Split table in 4 equivalent parts by 3 criteria

iordache09 · Dec 19, 2014

Hi all,
I have a table with the folowing structure:
ID(integer) Value1(Double) Value2(Double)

I need to split this table in 4 equals parts:
- count of id must be equal or close to equal(ex: 467 split in 3 x 117 and 116) for each part
- the cumulated Value1 and Value2 must be equal or close to equal for each part

Can u please help with a solution

Thx

plog · Dec 19, 2014

I think to guarantee exactly what you want you could write a 250 line function. Or, you could use this method and be pretty damn close:

If the ID is sequential (1, 2, 3...) and doesn't have gaps you can use the MOD operator (http://msdn.microsoft.com/en-us/library/se0w9esz.aspx) to put records into parts by their ID.

Part: (ID MOD 4) + 1

Use that and it will assign parts as such:

ID's in Part 1: 1, 5, 9, 13, 17...
ID's in Part 2: 2, 6, 10, 14, 18...
ID's in Part 3: 3, 7, 11, 15, 19...
ID's in Part 4: 4, 8, 12, 16, 20...

This guarantees the first criteria (3 parts of 117 and 1 of 116); but not the second (all parts roughly equal).
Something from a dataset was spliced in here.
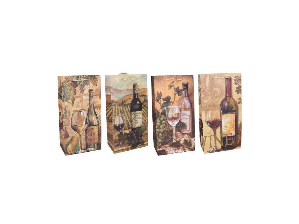 Darčeková taška na 2 fľaše 18 x 9 x 35 cmDarčeková taška vyrobená z kvalitného tvrdého papiera s rôznymi motívmi, vhodná na jednoduché balenie fliaš, vína alebo iných suvenírov a darčekov. Rozmery: 18 x 9 x 35 cmUvedená cena je za 1 ksV prípade celého balenia: 12 ksRôzné motívy, zasielame náhodne podľa skladovej dostupnosti. Ak si želáte konkrétnu farbu napíšte do poznámky k objednávke.

However, over 467 records the values should come to average out.

jdraw · Dec 19, 2014

An off the wall approach:
Create a fourth column in a query/recordset

Id,value1, value2, value1+value2

Sort on descending Value1+value2

then sequentially assign to group1, group2, group3,group4 in a loop

iordache09 · Dec 19, 2014

Thanks for your answer, let me give you more details to help you understand my situation.

My table looks like this, and i have approx. 8000 records (use text to column separator " "):

ID UserID Category Value1 Value2 Group
351520 1801129226 B1 5,140.33 115.61 Group1
1430584 2850323070 B1 6,841.17 221.52 Group2
1412316 1690308070 B1 6,817.92 223.49 Group3
1253380 1780911434 B1 1803.89 109.44 Group1
1337470 2460820090 B2 3,675.36 248.64 Group1
1552594 2591019080 B2 3746.05 269.58 Group3
999728 2850323070 B2 3,700.43 255.50 Group2
586489 2590115511 B2 1,978.62 21.60 Group3
1362556 1549317360 B3 2,197.88 159.87 Group1
1147636 2690202900 B3 2,044.22 204.04 Group2
812250 7759108479 B3 2,163.30 127.90 Group3
1645765 7759108479 B3 1,843.00 190.15 Group1
1419227 2799813159 B3 2,003.27 115.93 Group2
1134840 1469917131 B3 2,011.01 193.99 Group3

I need to split the data into 3 groups (see column Group), the groups must have a equal number of records and a equal cumulated "value 1" and "value 2".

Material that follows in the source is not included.